Los duendecillos


Die Wichtelmänner


Cuento primero
Un zapatero se había empobrecido de tal modo, y no por culpa suya, que, al fin, no le quedaba ya más cuero que para un solo par de zapatos. Cortólos una noche, con propósito de coserlos y terminarlos al día siguiente; y como tenía tranquila la conciencia, acostóse plácidamente y, después de encomendarse a Dios, quedó dormido. A la mañana, rezadas ya sus oraciones y cuando iba a ponerse a trabajar, he aquí que encontró sobre la mesa los dos zapatos ya terminados. Pasmóse el hombre, sin saber qué decir ni qué pensar. Cogió los zapatos y los examinó bien de todos lados. Estaban confeccionados con tal pulcritud que ni una puntada podía reprocharse; una verdadera obra maestra.
A poco entró un comprador, y tanto le gustó el par, que pagó por él más de lo acostumbrado, con lo que el zapatero pudo comprarse cuero para dos pares. Los cortó al anochecer, dispuesto a trabajar en ellos al día siguiente, pero no le fue preciso, pues, al levantarse, allí estaban terminados, y no faltaron tampoco parroquianos que le dieron por ellos el dinero suficiente con que comprar cuero para cuatro pares. A la mañana siguiente otra vez estaban listos los cuatro pares, y ya, en adelante, lo que dejaba cortado al irse a dormir, lo encontraba cosido al levantarse, con lo que pronto el hombre tuvo su buena renta y, finalmente, pudo considerarse casi rico.
Pero una noche, poco antes de Navidad, el zapatero, que ya había cortado los pares para el día siguiente, antes de ir a dormir dijo a su mujer:
- ¿Qué te parece si esta noche nos quedásemos para averiguar quién es que nos ayuda de este modo?
A la mujer parecióle bien la idea; dejó una vela encendida, y luego los dos se ocultaron, al acecho, en un rincón, detrás de unas ropas colgadas.
Al sonar las doce se presentaron dos minúsculos y graciosos hombrecillos desnudos que, sentándose a la mesa del zapatero y cogiendo todo el trabajo preparado, se pusieron, con sus diminutos dedos, a punzar, coser y clavar con tal ligereza y soltura, que el zapatero no podía dar crédito a sus ojos. Los enanillos no cesaron hasta que todo estuvo listo; luego desaparecieron de un salto.

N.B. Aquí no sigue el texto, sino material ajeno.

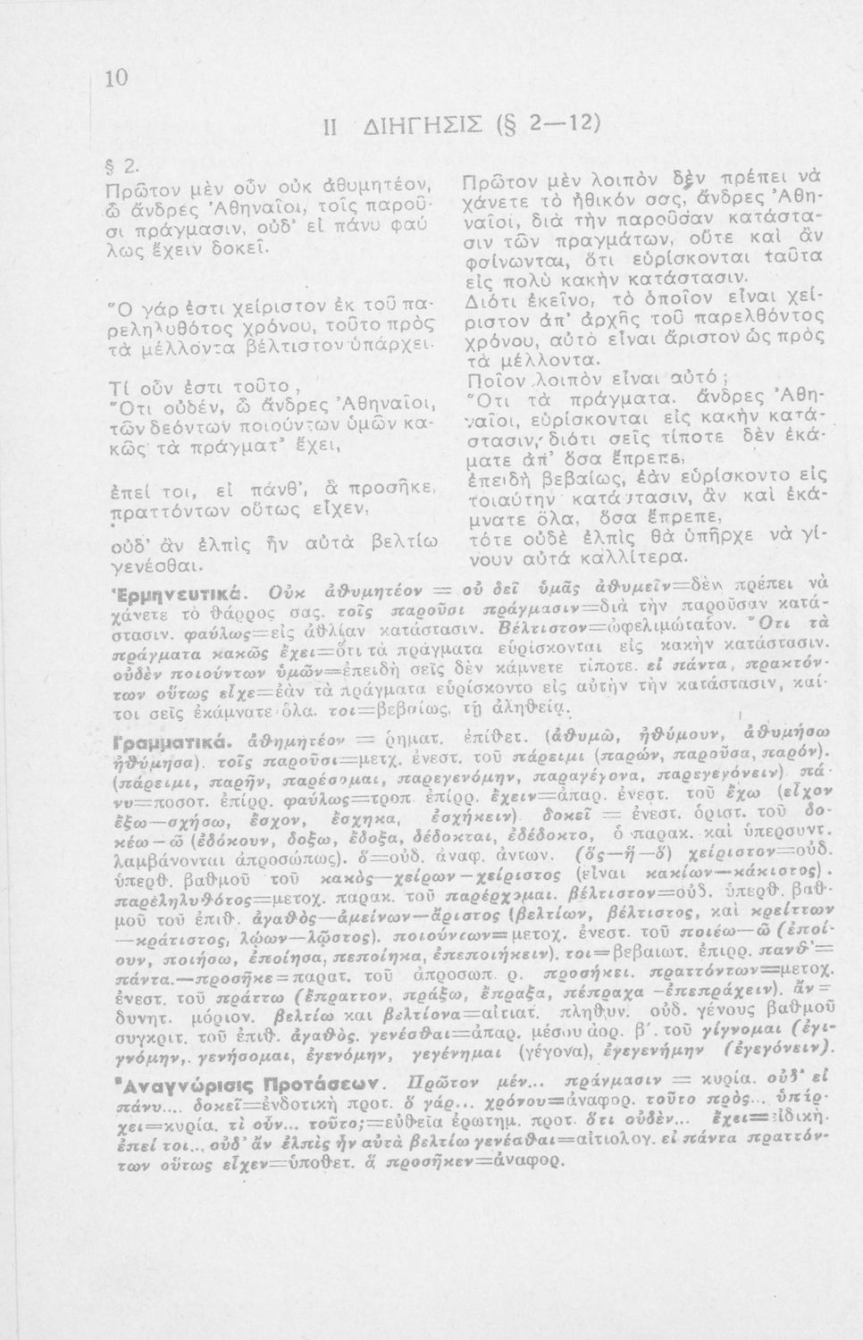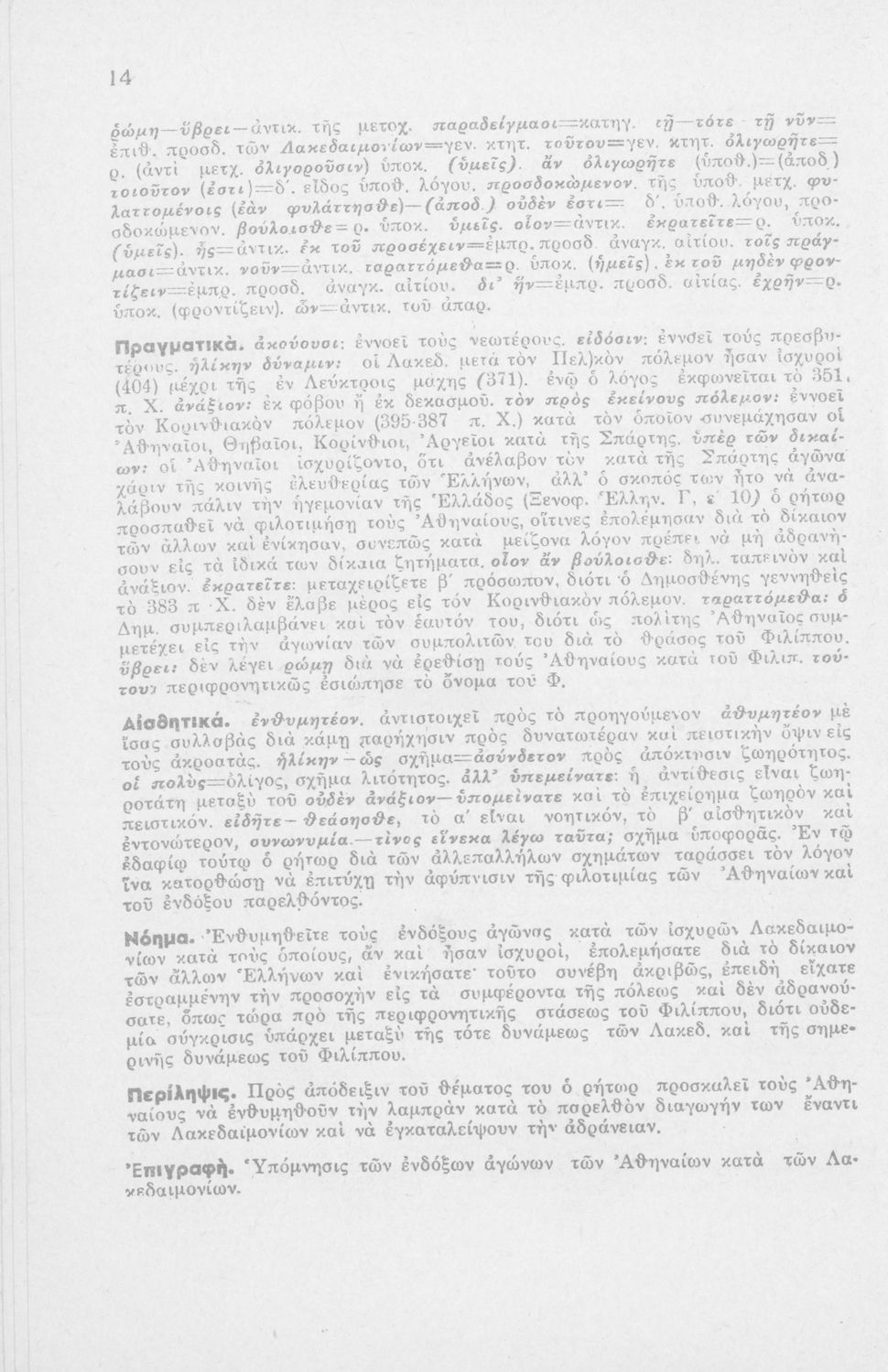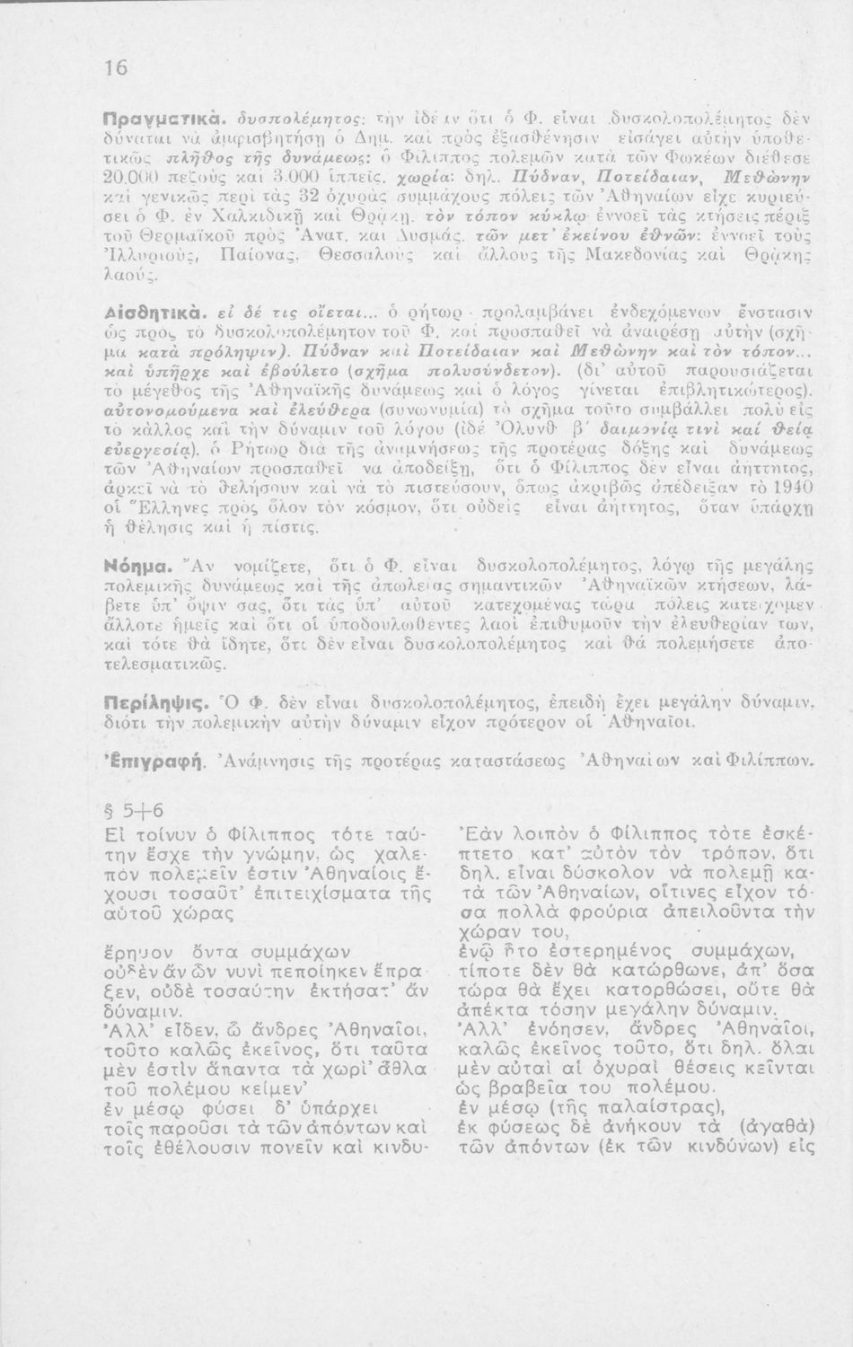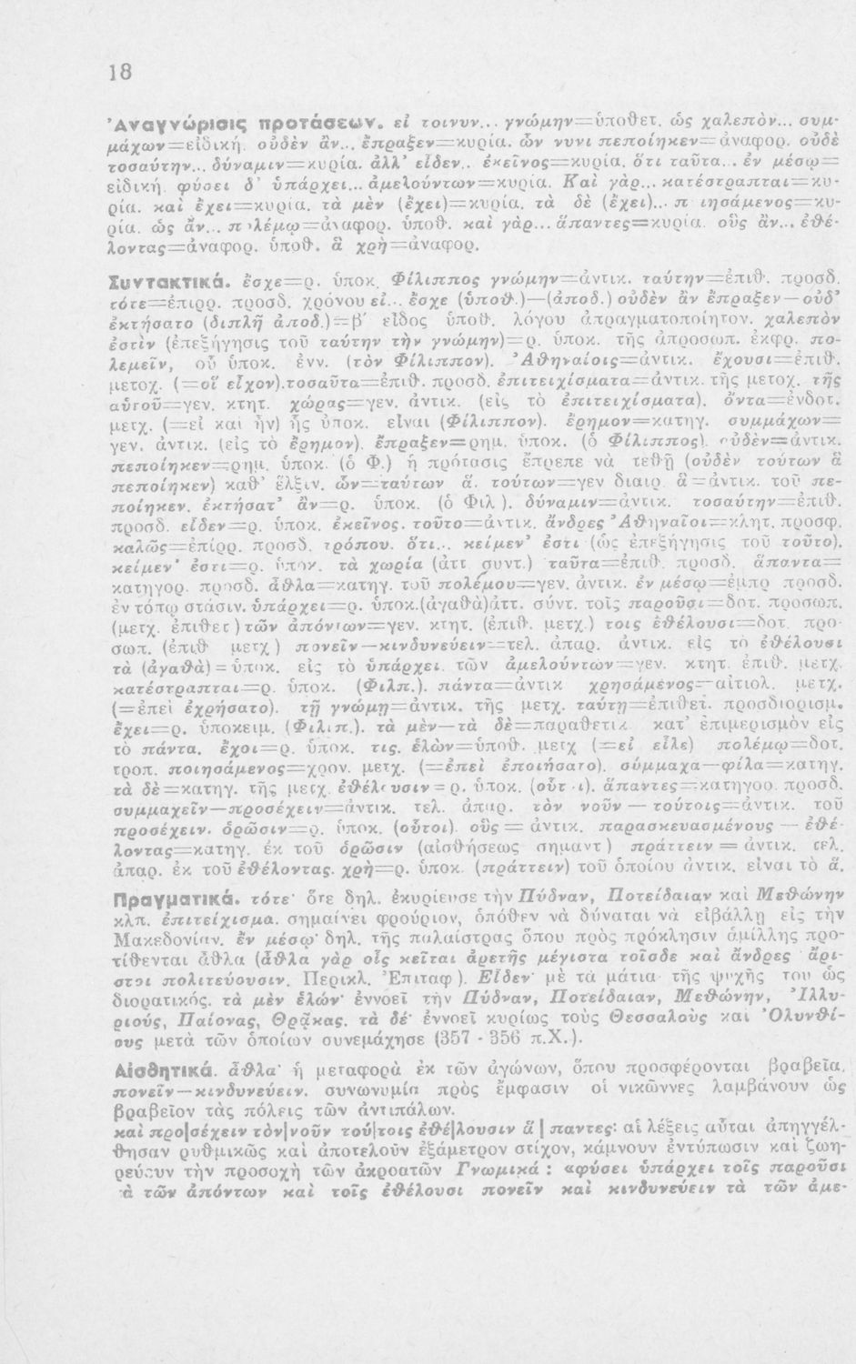 Μαθητικό βοήθημα Αρχαίων Ελληνικών ΣΤ΄ Οκταταξίου Γυμνασίου που περιέχει τον Α΄ Φιλιππικό του Δημοσθένη, μετάφραση, γραμματικά και συντακτικά σχόλια.

Por la mañana dijo la mujer:
- Esos hombrecitos nos han hecho ricos, y deberíamos mostrarles nuestro agradecimiento. Deben morirse de frío, yendo así desnudos por el mundo. ¿Sabes qué? Les coseré a cada uno una camisita, una chaqueta, un jubón y unos calzones, y, además, les haré un par de medias, y tú les haces un par de zapatitos a cada uno.
A lo que respondió el hombre:
- Me parece muy bien.
Y al anochecer, ya terminadas todas las prendas, las pusieron sobre la mesa, en vez de las piezas de cuero cortadas, y se ocultaron para ver cómo los enanitos recibirían el obsequio. A medianoche llegaron ellos saltando y se dispusieron a emprender su labor habitual; pero en vez del cuero cortado encontraron las primorosas prendas de vestir. Primero se asombraron, pero enseguida se pusieron muy contentos. Vistiéronse con presteza, y, alisándose los vestidos, pusiéronse a cantar:
"¿No somos ya dos mozos guapos y elegantes?
¿Por qué seguir de zapateros como antes?".
Y venga saltar y bailar, brincando por sobre mesas y bancos, hasta que, al fin, siempre danzando, pasaron la puerta. Desde entonces no volvieron jamás, pero el zapatero lo pasó muy bien todo el resto de su vida, y le salió a pedir de boca cuanto emprendió.
Cuento segundo
Érase una vez una pobre criada muy limpia y laboriosa; barría todos los días y echaba la basura en un gran montón, delante de la puerta. Una mañana, al ponerse a trabajar, encontró una carta en el suelo; pero como no sabía leer, puso la escoba en el rincón para ir a enseñarla a su señora. Y resultó ser una invitación de los enanillos que deseaban que la muchacha fuera madrina en el bautizo de un niño. La muchacha estaba indecisa; pero, al fin, tras muchas dudas y puesto que le decían que no estaba bien rehusar un ofrecimiento como aquel, resolvió aceptar.
Presentáronse entonces tres enanitos y la condujeron a una montaña hueca, que era su residencia. Todo era allí pequeño, pero tan lindo y primoroso, que no hay palabras para describirlo. La madre yacía en una cama de negro ébano, incrustada de perlas; las mantas estaban bordadas en oro; la cuna del niño era de marfil, y la bañera, de oro.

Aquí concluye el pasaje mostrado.